> _Provided records_
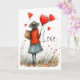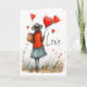 Gå med oss på en viskartad resa i kärlek med detta fantastiska hälsningskort som är en härlig illustration inspirerad av kärlek i ord. Möt den vackra flickan i hennes röda och svarta hatt, omgiven av en bukett med pulserande röda hjärtformade ballonger, när hon sprider kärlek och glädje med varje steg. Låt denna hjärtslitande scen påminna er om att fira de enkla och magiska stunderna i kärlek i livet. värmen med någon speciell och gör deras dag lite mer nyfiken! Skicka det här kortet som ett Valentindagskort eller till någon speciell som du vill uttrycka kärlek till.
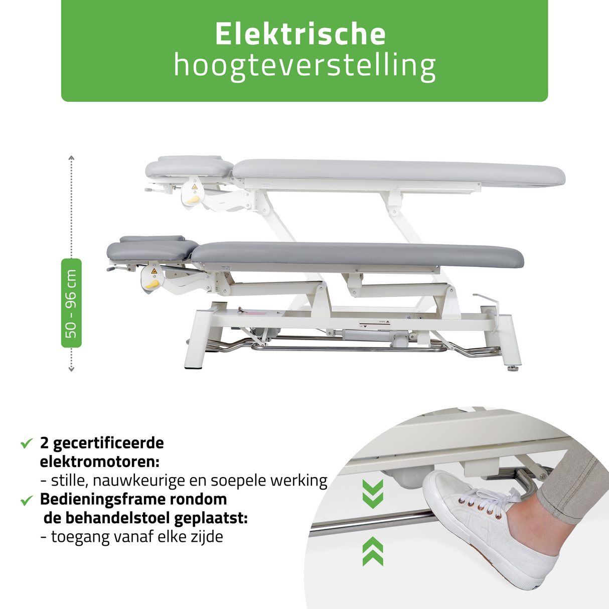 - Elektrische hoogteverstelling: een gecertificeerde elektromotor zorgt voor een gelijkmatige, precieze en stille hoogteverstelling van de tafel tussen 50 en 96 cm. Dit garandeert optimaal werkcomfort voor de therapeut en gemak voor de patiënt. De flexibele hoogteverstelling beschermt de rug van de behandelaar en verbetert de ergonomie tijdens de behandeling. Een lage instap maakt het patiënten bovendien makkelijker om veilig op en van de tafel te stappen.
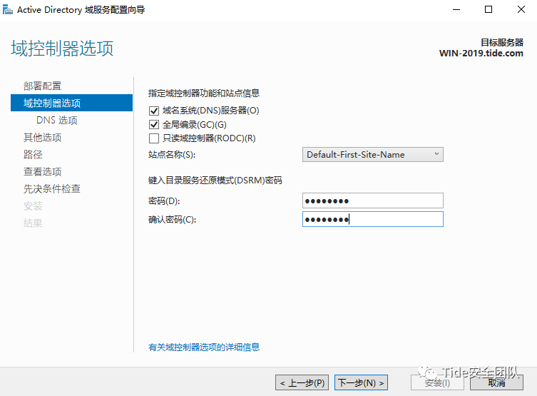 6、选择默认选择域名系统(DNS)服务器和全局编录,填⼊设置新的 DSRM 密码:Tide.com
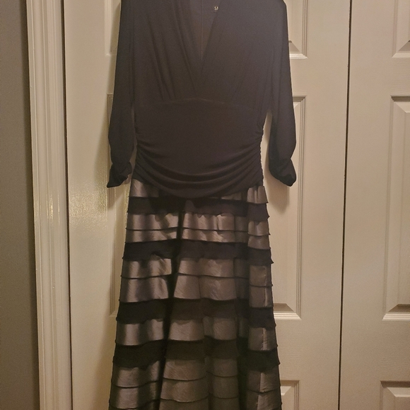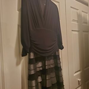 Knit top with ruching at waist and on sleeves. Taffeta skirt. Worn once.
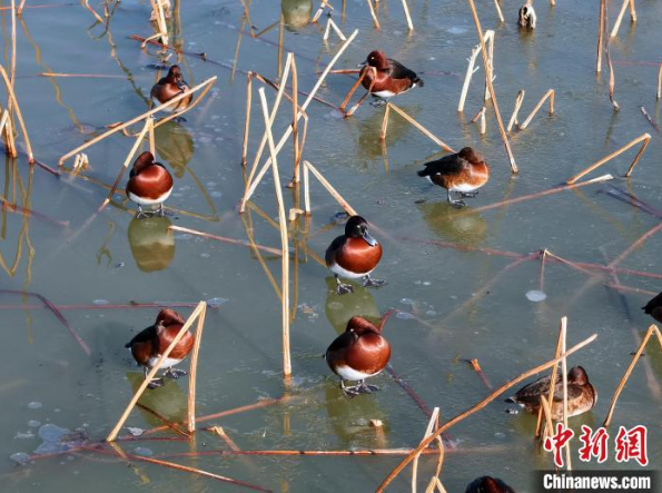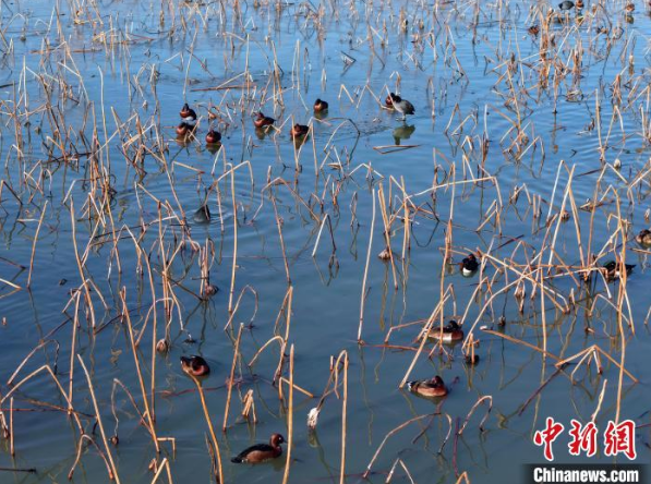 圖為1月15日,青頭潛鴨和其它鴨類在湖面休憩。 張學鋒 攝

> _How to complete this task_
What you print must be exactly the lines from the one containing "Knit top with" through the last line of the material, and no pictures.

> _Answer section_
 Knit top with ruching at waist and on sleeves. Taffeta skirt. Worn once.
 圖為1月15日,青頭潛鴨和其它鴨類在湖面休憩。 張學鋒 攝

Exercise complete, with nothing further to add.